Activity: This term characterizes major drivers of energy use in a sector (e.g. floor space area in the commercial/institutional sector).

Agriculture sector: The agriculture sector includes all types of farms, including livestock, field crops, grain and oilseed farms, as well as activities related to hunting and trapping. Energy used in this sector is for farm production and includes energy use by establishments engaged in agricultural activities and in providing services to agriculture. Agriculture energy use is included in total secondary energy use for Canada.

Annual fuel utilization efficiency (AFUE): The AFUE refers to the amount of energy supplied to a natural gas or oil furnace compared with the amount of energy delivered to the home in the form of heat. For example, a furnace that has a 90 percent AFUE will lose 10 percent of the energy it is supplied (conversion loss) and will deliver 90 percent of the energy supplied in the form of heat to the dwelling.

Appliance: This term is for energy-consuming equipment used in the home for purposes other than air conditioning, centralized water heating and lighting. Appliances include cooking appliances (gas stoves and ovens, electric stoves and ovens, and microwave ovens) as well as refrigerators, freezers, clothes washers and dishwashers. Other appliances include devices such as televisions, video cassette recorders, digital video disc players, radios, computers and set top boxes.
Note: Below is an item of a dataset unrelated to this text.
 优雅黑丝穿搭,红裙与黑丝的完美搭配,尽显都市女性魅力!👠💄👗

Auxiliary equipment: With the exception of auxiliary motors (see Auxiliary motors), auxiliary equipment includes stand-alone equipment powered directly from an electrical outlet, such as computers, photocopiers, refrigerators and desktop lamps. It also includes equipment that can be powered by natural gas, propane or other fuels, such as clothes dryers and cooking appliances.

Auxiliary motors: This term refers to devices used to transform electric power into mechanical energy to provide a service, such as pumps, ventilators, compressors and conveyors.
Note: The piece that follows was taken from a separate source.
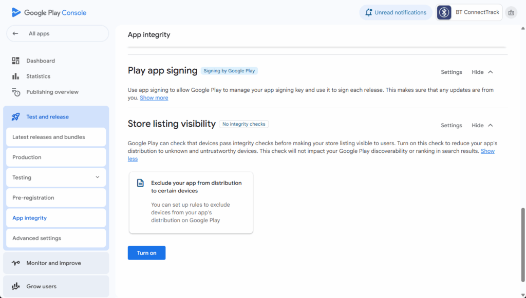 - Open App A → Test and release → App integrity → Play app signing → Settings.

Biomass: Biomass includes wood waste and pulping liquor. Wood waste is a fuel consisting of bark, shavings, sawdust and low-grade lumber and lumber rejects from the operation of pulp mills, sawmills and plywood mills. Pulping liquor is a substance that consists of primarily lignin and other wood constituents and chemicals that are by-products of the manufacture of chemical pulp. It can produce steam for industrial processes when it is burned in a boiler or produce electricity through thermal generation.
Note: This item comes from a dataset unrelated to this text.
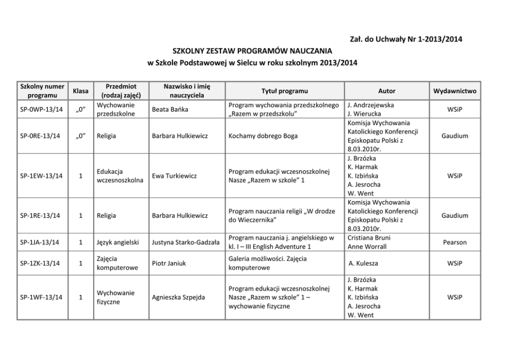Zał. do Uchwały Nr 1-2013/2014 SZKOLNY ZESTAW PROGRAMÓW NAUCZANIA w Szkole Podstawowej w Sielcu w roku szkolnym 2013/2014 Szkolny numer programu Klasa SP-0WP-13/14 „0” SP-0RE-13/14 „0” SP-1EW-13/14 Przedmiot (rodzaj zajęć) Wychowanie przedszkolne Nazwisko i imię nauczyciela Tytuł programu Autor Beata Bańka Program wychowania przedszkolnego „Razem w przedszkolu” Religia Barbara Hulkiewicz Kochamy dobrego Boga 1 Edukacja wczesnoszkolna Ewa Turkiewicz Program edukacji wczesnoszkolnej Nasze „Razem w szkole” 1 SP-1RE-13/14 1 Religia Barbara Hulkiewicz Program nauczania religii „W drodze do Wieczernika” SP-1JA-13/14 1 Język angielski Justyna Starko-Gadzała Program nauczania j. angielskiego w kl. I – III English Adventure 1 SP-1ZK-13/14 1 Zajęcia komputerowe Piotr Janiuk Galeria możliwości. Zajęcia komputerowe A. Kulesza WSiP Program edukacji wczesnoszkolnej Nasze „Razem w szkole” 1 – wychowanie fizyczne J. Brzózka K. Harmak K. Izbińska A. Jesrocha W. Went WSiP SP-1WF-13/14 1 Wychowanie fizyczne Agnieszka Szpejda J. Andrzejewska J. Wierucka Komisja Wychowania Katolickiego Konferencji Episkopatu Polski z 8.03.2010r. J. Brzózka K. Harmak K. Izbińska A. Jesrocha W. Went Komisja Wychowania Katolickiego Konferencji Episkopatu Polski z 8.03.2010r. Cristiana Bruni Anne Worrall Wydawnictwo WSiP Gaudium WSiP Gaudium Pearson Szkolny numer programu Klasa Przedmiot (rodzaj zajęć) Nazwisko i imię nauczyciela Tytuł programu SP-2EW-13/14 2 Edukacja wczesnoszkolna Alicja Sędłak Program edukacji wczesnoszkolnej Nasze „Razem w szkole” 2 SP-2RE-13/14 2 Religia Barbara Hulkiewicz Program nauczania religii „W drodze do Wieczernika” SP-2JA-13/14 2 Język angielski Justyna Starko-Gadzała Program nauczania j. angielskiego w kl. I – III New Sparks PLUS 2 SP-2ZK-13/14 2 Zajęcia komputerowe Piotr Janiuk Galeria możliwości. Zajęcia komputerowe SP-2WF-13/14 2 Wychowanie fizyczne Agnieszka Szpejda Program edukacji wczesnoszkolnej Nasze „Razem w szkole” 2 – wychowanie fizyczne SP-3EW-13/14 3 Edukacja wczesnoszkolna Justyna Starko-Gadzała Program edukacji wczesnoszkolnej Razem w szkole. Klasa III SP-3RE-13/14 3 Religia Barbara Hulkiewicz Program nauczania religii „Jesteśmy dziećmi Bożymi” Autor J. Brzózka K. Glinka K. Harmak K. Izbińska A. Jasiocha W. Went Komisja Wychowania Katolickiego Konferencji Episkopatu Polski z 8.03.2010r. M. Szpotowicz M. Szulc-Kurpaska P. A. Davies C. Graham A. Kulesza J. Brzózka K. Glinka K. Harmak K. Izbińska A. Jasiocha W. Went A. Katlińska, J. Brzózka K. Glinka, K. Harmak Komisja Wychowania Katolickiego Konferencji Episkopatu Polski z 20.09.2001r. Wydawnictwo WSiP Gaudium Oxford WSiP WSiP WSiP Gaudium Szkolny numer programu SP-3JA-13/14 Klasa 3 Przedmiot (rodzaj zajęć) Język angielski Nazwisko i imię nauczyciela Justyna Starko-Gadzała SP-3ZK-13/14 3 Zajęcia komputerowe Piotr Janiuk SP-3WF-13/14 3 Wychowanie fizyczne Agnieszka Szpejda Tytuł programu Program nauczania j. angielskiego w kl. I – III New Sparks PLUS 3 Razem w szkole. Zajęcia komputerowe Program edukacji wczesnoszkolnej Nasze „Razem w szkole” 3 – wychowanie fizyczne Autor Wydawnictwo M. Szpotowicz M. Szulc-Kurpaska Oxford P. A. Davies, C. Graham D. Kręcisz B. Lewandowska A. Katlińska, J. Brzózka K. Glinka, K. Harmak Komisja Wychowania Katolickiego Konferencji Episkopatu Polski z 8.03.2010r. SP-4RE-13/14 4 Religia Barbara Hulkiewicz Program nauczania religii „Poznaję Boga i w Niego wierzę” SP-4JP-13/14 4 Język polski Ewa Stańkowska Program nauczania j. polskiego klasie IV - VI „Między nami” A. Łuczak A. Murdzek SP-4MA-13/14 4 Matematyka Kornel Matczuk SP-4JA-13/14 4 Język angielski Justyna Starko-Gadzała H. Lewicka M. Kowalczyk Rob Nolasco David Newbold SP-4HS-13/14 4 Historia Edyta Tarajko SP-4PR-13/14 4 Przyroda Piotr Janiuk Program nauczania matematyki w kl. IV „Matematyka wokół nas” Program nauczania j. angielskiego w kl. IV – VI „New English” Zone 1 Program nauczania przedmiotów historia i społeczeństwo „Wczoraj i dziś” Program nauczania przyrody w klasie IV - VI „Tajemnice przyrody” SP-4ZK-13/14 4 Zajęcia komputerowe Piotr Janiuk Program nauczania zajęć komputerowych „Informatyka Europejczyka” D. Kiałka K. Kiałka WSiP WSiP Gaudium Gdańskie Wydawnictwo Oświatowe WSiP Oxford G. Wojciechowski Nowa Era M. Marko-Worłowska F. Szlajfer, J. Stawarz Nowa Era Helion Szkolny numer programu Klasa Przedmiot (rodzaj zajęć) Nazwisko i imię nauczyciela SP-4PL-13/14 4 Plastyka Ewa Turkiewicz SP-4MU-13/14 4 Muzyka Ewa Turkiewicz SP-4WF-13/14 4 SP-4ZT-13/14 4 SP-5RE-13/14 5 Wychowanie fizyczne Zajęcia techniczne Religia Paweł Szlagowski Daniel Raczyński A. Łuczak A. Murdzek Program nauczania matematyki w kl. V „Matematyka wokół nas” Program nauczania j. angielskiego w kl. IV – VI „New English” Zone 2 Program nauczania przedmiotów historia i społeczeństwo „Wczoraj i dziś” H. Lewicka M. Kowalczyk Rob Nolasco David Newbold SP-5MA-13/14 5 Matematyka Kornel Matczuk SP-5JA-13/14 5 Język angielski Justyna Starko-Gadzała SP-5HS-13/14 5 Historia Edyta Tarajko SP-5ZK-13/14 5 Zajęcia komputerowe U. Białka Program nauczania j. polskiego „Między nami” Ewa Stańkowska Piotr Janiuk Piotr Janiuk Program nauczania przyrody „Tajemnice przyrody” Program nauczania zajęć komputerowych „Informatyka Europejczyka” Wydawnictwo Nowa Era Nowa Era S. Żołyński Program nauczania religii „Poznaję Boga i w Niego wierzę” Język polski Przyroda J. Lukas K. Onak M. Gromek G. Kilbach Barbara Hulkiewicz 5 5 Program nauczania plastyki „Do dzieła” Program nauczania muzyki „I gra muzyka” Program nauczania wf w klasie IV „Ruch – zdrowie dla każdego” Program zajęć technicznych „Odkrywamy na nowo” Autor Komisja Wychowania Katolickiego Konferencji Episkopatu Polski z 8.03.2010r SP-5JP-13/14 SP-5PR-13/14 Tytuł programu Operon Gaudium Gdańskie Wydawnictwo Oświ

Bitumen: Bitumen is a dense type of petroleum that is often mixed with sand, clay and water in its natural state. Because it is too thick to flow, it is not usually recoverable at commercial rates through a well (see Oil sands, Unconventional crude oil).

Capacity utilization rate: The rate of capacity use is a measure of the intensity with which industries use their production capacity. The rate is the ratio of an industry’s actual output to its estimated potential output.

Carbon dioxide (CO2): This compound of carbon and oxygen is formed when carbon is burned. Carbon dioxide is a colourless gas that absorbs infrared radiation, mostly at wavelengths between 12 and 18 microns. It behaves as a one-way filter, allowing incoming, visible light to pass through in one direction, while preventing outgoing infrared radiation from passing in the opposite direction. The one-way filtering effect of carbon dioxide causes an excess of the infrared radiation to be trapped in the atmosphere; thus it acts as a “greenhouse” and has the potential to increase the surface temperature of the planet (see Greenhouse gas).

Commercial/institutional sector: The commercial/institutional sector in Canada includes activities related to trade, finance, real estate, public administration, educational and commercial services (including tourism). These activities have been grouped into 10 activity types based on the North American Industry Classification System. Although street lighting is included in total energy use for the sector, it is excluded from the factorization analysis because it is not associated with floor space activity.

Compact fluorescent lamp (CFL), also known as compact fluorescent light bulb: A compact fluorescent bulb is a smaller version of a fluorescent lamp. These bulbs use 67 to 75 percent less energy but provide comparable lighting to that which is supplied by an incandescent bulb.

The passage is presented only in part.